Все сидели в кафэ напротив Музея Изящных Искусств.
— … Отсутствие органической идеи и общая композиционная расхлябанность губит картину окончательно, — говорил чернобородый, облизывая губы и видимо с удовольствием слушая самого себя.
— Говорят, он два года работал над нею, — вставил его собеседник, — а впечатление такое, точно за два дня наляпана… Вот к чему приводят поиски молодого стиля: одни иллюзии! Палитра яркая, а правды нет.
— Да-да, — согласился чернобородый. — Уход от правды, от реальности. Как ни крутись, брат художник, а мир-то все-таки реален, и незачем его мистифицировать. А ведь все эти Матиссы да поборники их, Кремневы — всё это бесплодные мистики, и гнать их надо с выставок в три шеи…
— Знаешь, все-таки, что хорошо в картине?
— Ну-ка!
— Впечатление! Какая-то жуть охватывает, если смотреть серьезно…
— Жуть? Хе-хе… Какая жуть? Откуда она?
— Нет, я без шуток, — мотнул подбородком молодой человек. — Ужас кругом. Какой-то, я бы сказал, живописный террор… Нет, нет, впечатление есть, что ни говори…
— Чорт возьми, да разве во впечатлении дело? Дело в жизни, в действительности, в жизненной правде, в реальности… А то впечатление, впечатление! Чушь! Выпьем за упокой «Сумерек»!
Они громко рассмеялись и чокнулись чашечками с кофе.
— Пойдем! — дернув за рукав Горечку, приказал Илья.
И они вышли на улицу…
— Илюша! — позвал Горечка. — Может дернем по одной? А? Всё равно нехорошо. Мы, брат, с тобой двое отверженных. Нам терять нечего. Всё, что у нас есть — с нами, в наших душах и сердцах. Как говорится — Omnia mea mecum porto… Чорт с ним и с искусством! Дернем? А?…
Болела голова. Мучило похмелье. Илья открыл глаза и сразу всё вспомнил.
— А-а-а… — застонал он и мгновенно вскочил на ноги.
Митрофановна с утра куда-то ушла. В ее комнате, возле кровати на полу безмятежно раскинулся на куче старого тряпья обалдевший от вина Горечка. Илья попробовал его разбудить, но ничего не вышло. Горечка мычал чепуху, и в сознание не приходил.
Выбившаяся рубашка Ильи разорвалась до живота. Подметка на одном башмаке оторвалась и при каждом шаге звонко шлепала, мешая ходить. Волосы скатались в комок и голубые глаза заволоклись мутной поволокой.
Приехала Ариадна.
— Что с тобой?! — в ужасе спросила раскрасневшаяся хорошенькая Ариадна, увидев Илью. —- Болен?
— Нет, просто пьян, — охрипшим голосом ответил Илья.
Снимая шляпку и пальто, она спросила:
— С радости?
Илья рассмеялся.
— Изволишь еще издеваться? Не ждал я от тебя, Ариадна, этого. Водки хочешь?
— Налей немножко. Зачем же издеваться? Твоя вещь имеет успех.
— Да ты — что?! — в бешенстве крикнул Илья. — Тебе удовольствие доставляет что ли мучить меня?
Ариадна испуганно отпрыгнула и прижалась к стене.
— Сумасшедший… — прошептала она. — Или вдребезги пьян! Ты газеты читаешь? Читал, как твою картину расхваливают?
Илья едва не выронил бутыль. Очумело сел на стул.
— Большую будущность тебе пророчат. На, вот… читай!
Она достала из кармана пальто свежий номер «Известий» и бросила Илье на колени.
— Третья страница. Подвал! — сообщила Ариадна, поправляя прическу и подходя к нему.

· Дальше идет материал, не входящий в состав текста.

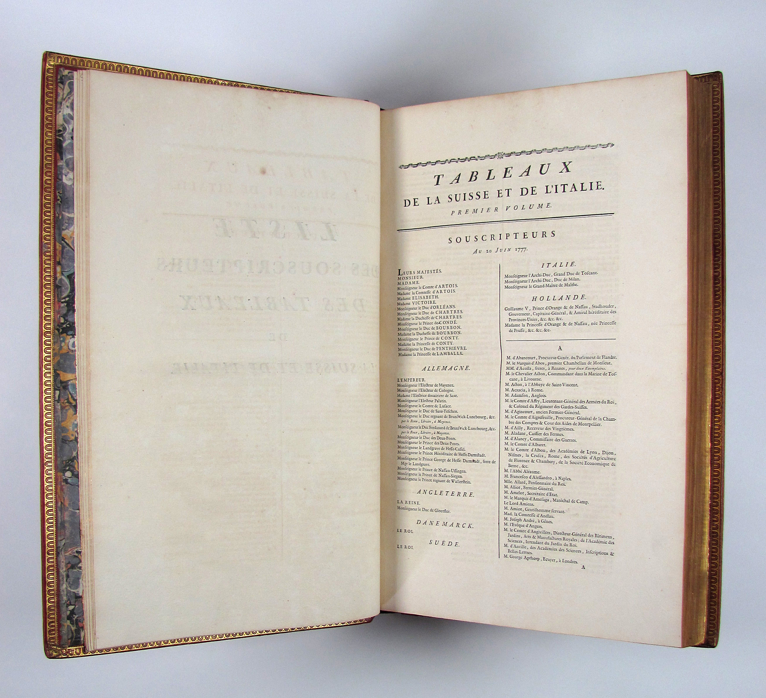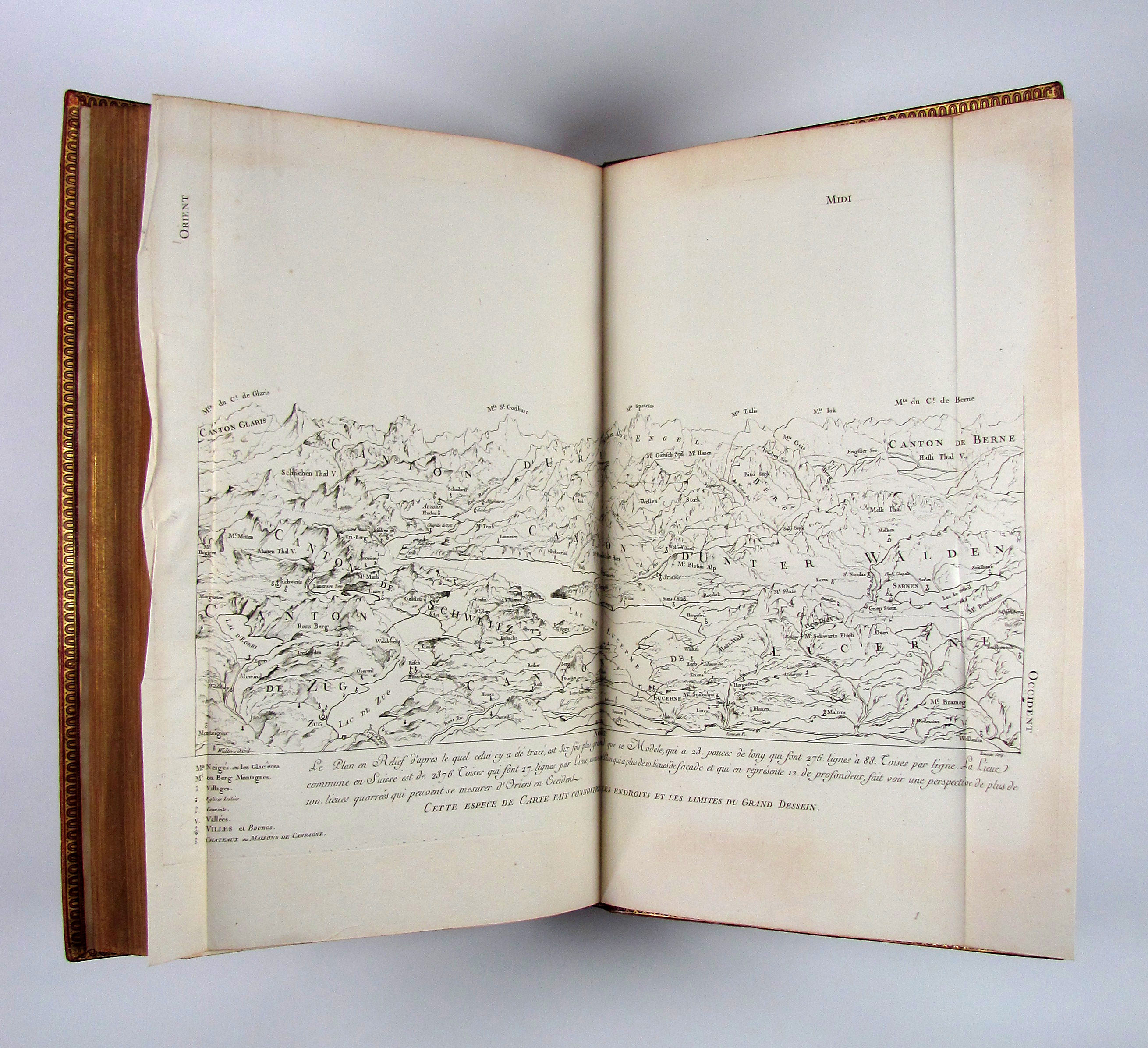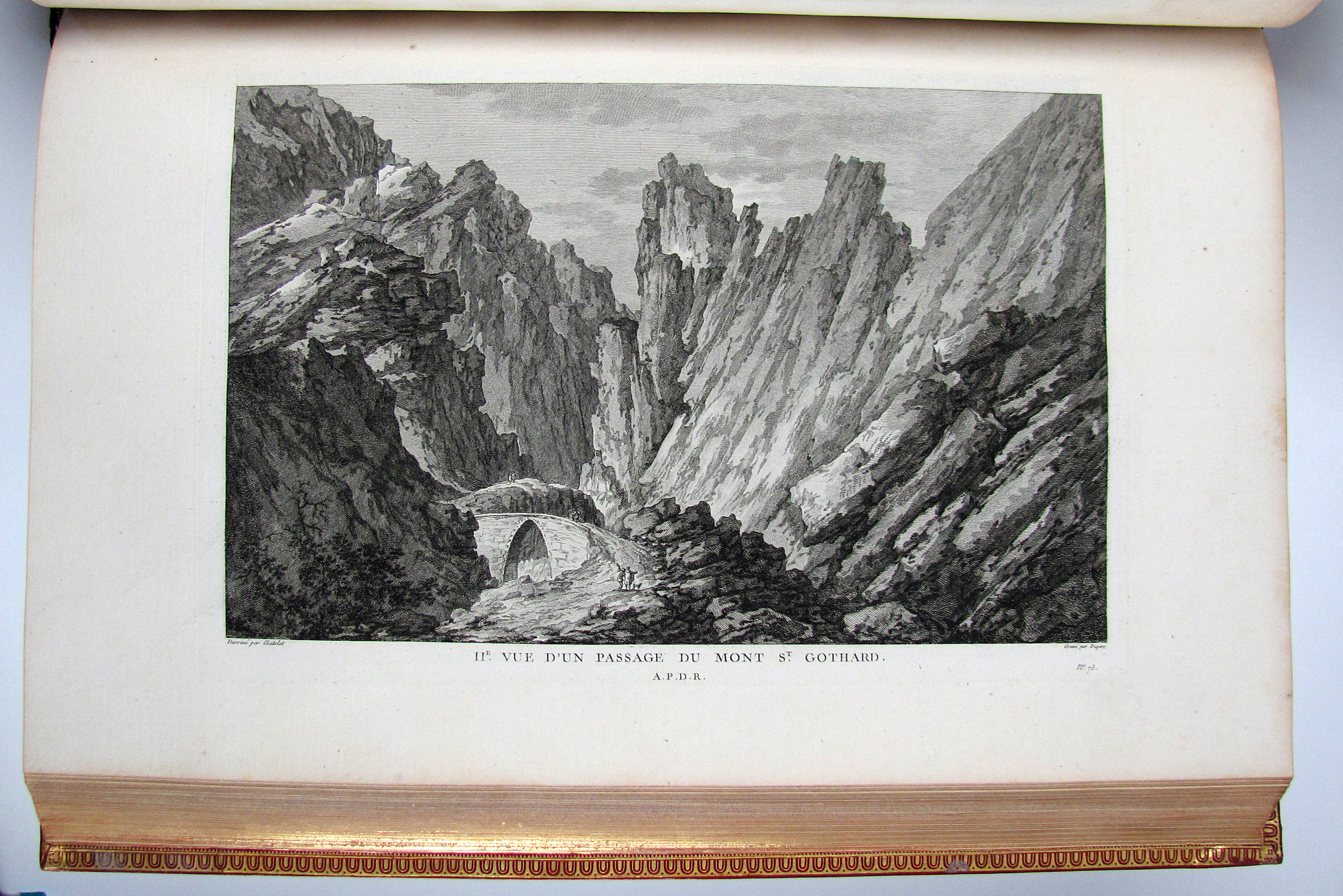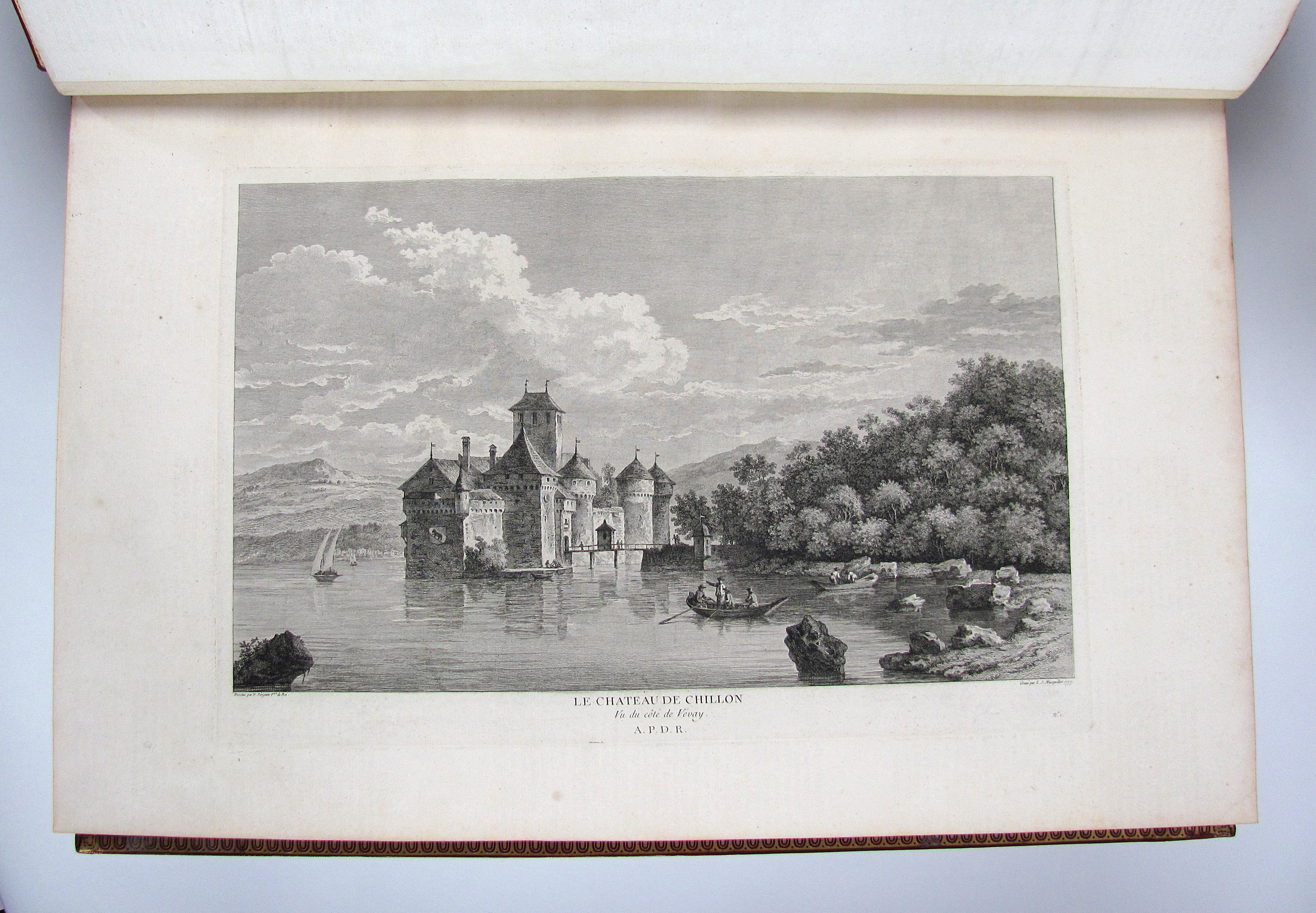 Komplettes Exemplar der ersten Ausgabe des schönsten, prächtigsten und umfangreichsten Schweizer Ansichtenwerks. Die sehr fein gestochenen Kupfer von de Longueil, Masquelier, Née u.a. nach Châtelet, Le Barbier, Moreau le Jeune u.a. zeigen zumeist Ansichten, ferner einige Karten, 2 Panoramen, Kostümdarstellungen, Porträts und Münzen. Zurlauben (1720-1799) published the first volume anonymously making it seem is if it was Laborde’s work. The second volume with a slightly different title bears Zurlauben’s name. His monumental work offers a wealth of facts about Switzerland, and is a testimony to his vast erudition. He cites sources and writes with ease, but with a serious approach which earned him the esteem of fellow scholars at home and abroad. The work is dedicated to the count of Artois, Colonel-General of Switzerland.– Das vorliegende Ausnahmeexemplar in besonders dekorativen Einbänden ist vollständig und wie folgt gegliedert: Textband I: 5 Bl. (Titelei mit gestoch. Wappenvignette), 10 S. (Subskribentenliste), LXXXIV (recte LXXIV) S., 368 S., LXVI S., 3 Bl. (Errata und Druckprivileg).– Textband II: 2 Bl., 7 S. (Tafelverzeichnis), 328 S.– Textband III: 1 Bl., S. 329-578, 8 S. (Tafelverzeichnis).– Tafelband I: Kupferfrontispiz, Drucktitel, 7 S., doblgr. Karte, num. Kupfer 1-217 (davon 5 doblgr. und 2 mehrf. gefalt.).– Tafelband II: 1 Bl. mit Porträt-Vignette, gestoch. Titel mit Vignette, num. Kupfer 218-278, „Table analytique“ (Generalregister) mit 2 Bl., 2 S. und 129 Seiten.– Die Kollation der Tafeln sorgt hin und wieder für Verwirrung. Dies kommt daher, dass im ersten Tafelband die Tafeln mit mehreren Kupfern auf einem Blatt nur eine Nummer tragen, während im zweiten Tafelband die einzelnen Kupfer nummeriert sind und nicht die Tafeln. Darüber hinaus nennt der Drucktitel auch noch eine Anzahl von 430 einzelnen Kupfern, es sind aber auf allen Tafeln nicht mehr als 391 Kupfer enthalten. Der erste Tafelband enthält, neben den oben einzeln erwähnten Illustrationen, 217 Tafeln mit 330 Kupfern und der zweite Band die nummerierten Kupfer 218-278 auf 31 Tafeln.– Vorsatz und Frontispiz von Tafelband I mit Knitterfalte, das Papier der Textbände gleichmässig leicht gebräunt oder minimal stockfleckig, einige ganz wenige Seiten Text etw. stärker gebräunt, die Seiten 75-78 in Textband II mit kleinem Wasserrand unten links, eine doppelblattgr. Tafel (Nr. 185) gebräunt. Die Einbände frisch und kaum berieben oder bestossen. Vorderdeckel von Tafelband I mit Schabstellen, oberes Kapital von Tafelband II mit winziger Fehlstelle. Insgesamt sehr gut erhaltenes und breitrandiges Prachtexemplar. Papier 50 x 32,5 cm., Einbände 51,5 x 35 cm.– Longchamp 3362, Cohen-R. 1075. Fürstenberg 46, 101, 110 und 151. Brunet V, 1546.
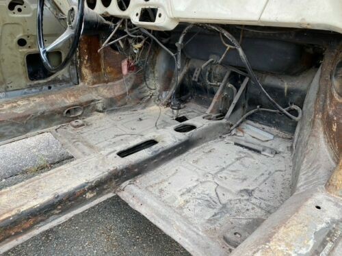 And while the floor work remains to be done, it also appears that a previous owner has already begun cutting out the bad metal to ready it for replacement pans. The interior is effectively gutted, and the listing photos do show what looks to be most of the materials safely stored for future re-install; however, the seller does specify in the listing that the front seat cores are missing. Other items, like the steering wheel and radio, are not pictured, while the rubber floor mats, door panels, and shifter assembly all are. It would be good detective work to get a full accounting of all that’s included.
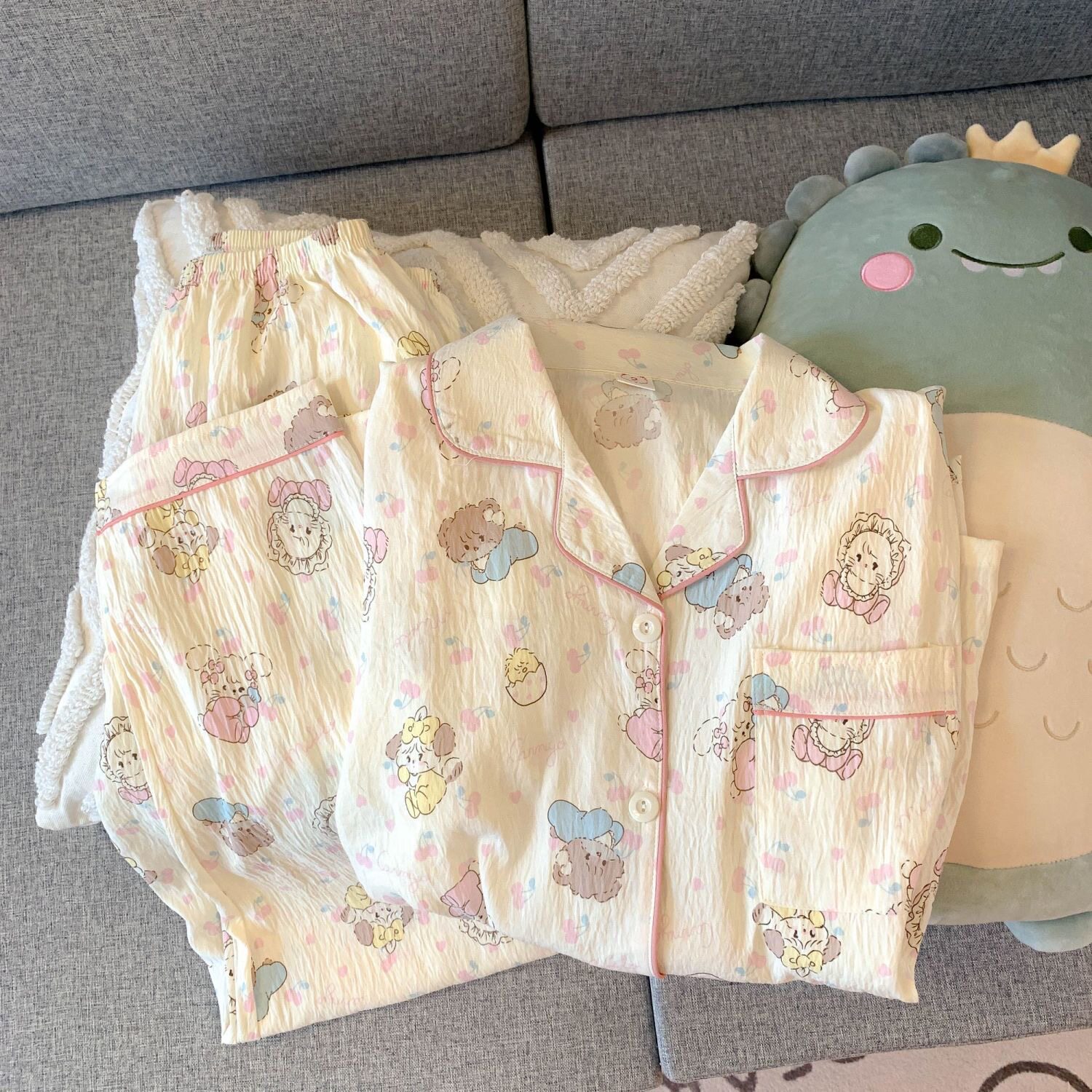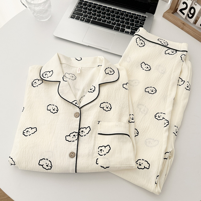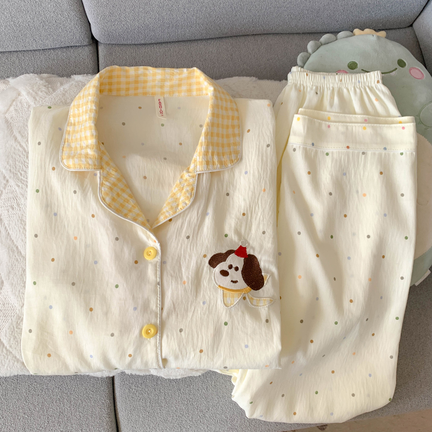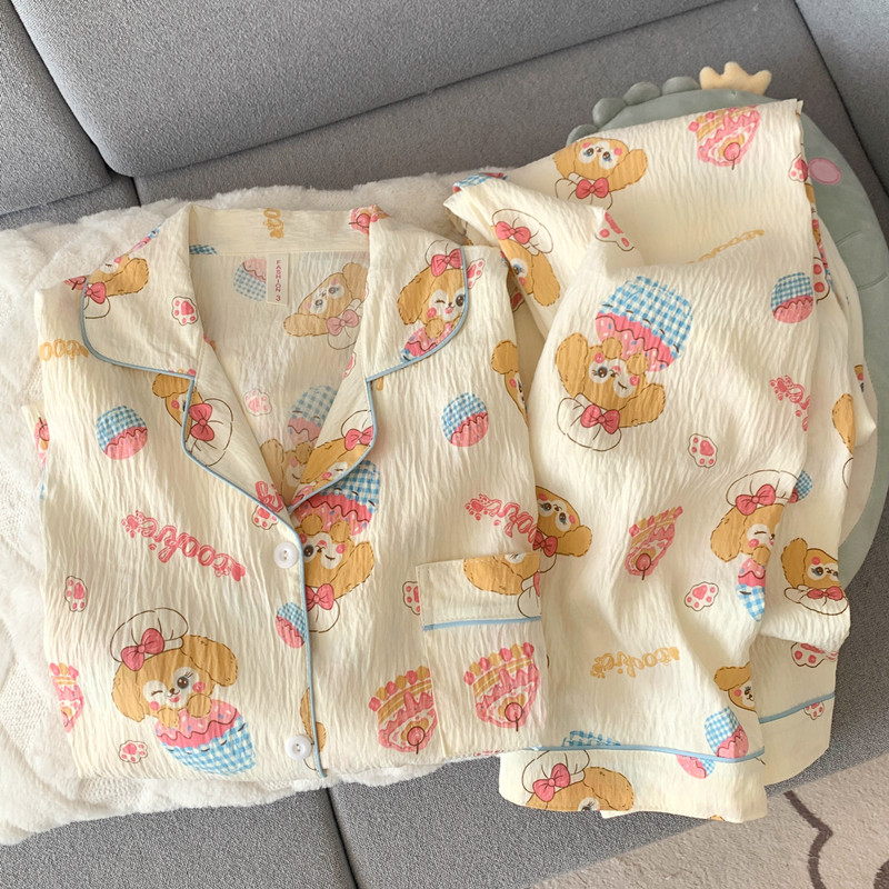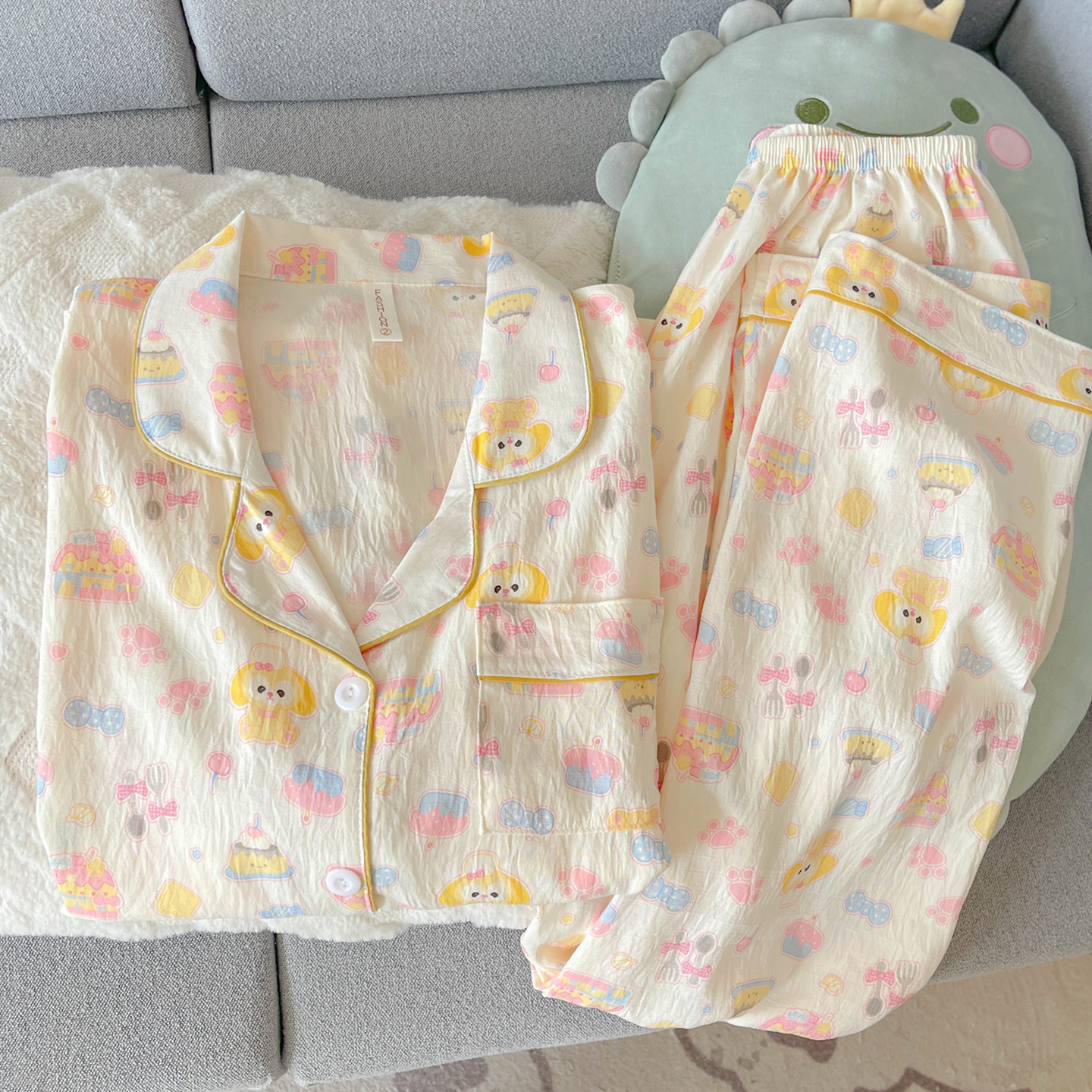 純棉紗布睡衣女長袖長褲春秋款套裝甜美櫻桃可外穿開衫家居服夏季
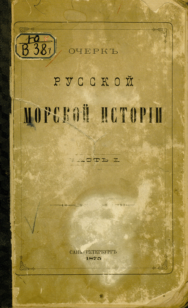 Первая часть «Очерка русской морской истории» содержит обзор морской деятельности России с древнейших времен до кончины Петра Великого. Автор работы, военно-морской историк Ф. Ф. Веселаго, задавался целью в сжатом виде представить за этот период истории главные черты русской морской деятельности.

Илья развернул газету, нашел подвальную статью с заголовком «Юбилейная выставка советских художников». Быстро пробежал несколько абзацев…
«… Останавливает на себе внимание и большая картина «Сумерки» молодого и бесспорно талантливого художника Ильи Кремнева. Сложная психологическая амальгама всей вещи прежде всего бросается в глаза. Широкими плоскостями, смелым и ярким колоритом художник решает задачи перспективы и воздуха. Некоторая условность в подаче лошади на переднем плане (непропорционально-тонкие ноги по отношению к туловищу) вызывает вначале недоумение, но если проанализировать детали всей композиции, то мы увидим еще целый ряд таких условностей и в рисунке и в живописных пятнах (красный коршун, небесно-синие белки глаз). И эта условная своеобразно-символическая трактовка по-существу реальна. Это целая гамма живописного выражения оригинального реализма, сочетающегося с настоящим материализмом… Можно смело сказать, что Кремнев, идущий в живописи по пути социалистического реализма…»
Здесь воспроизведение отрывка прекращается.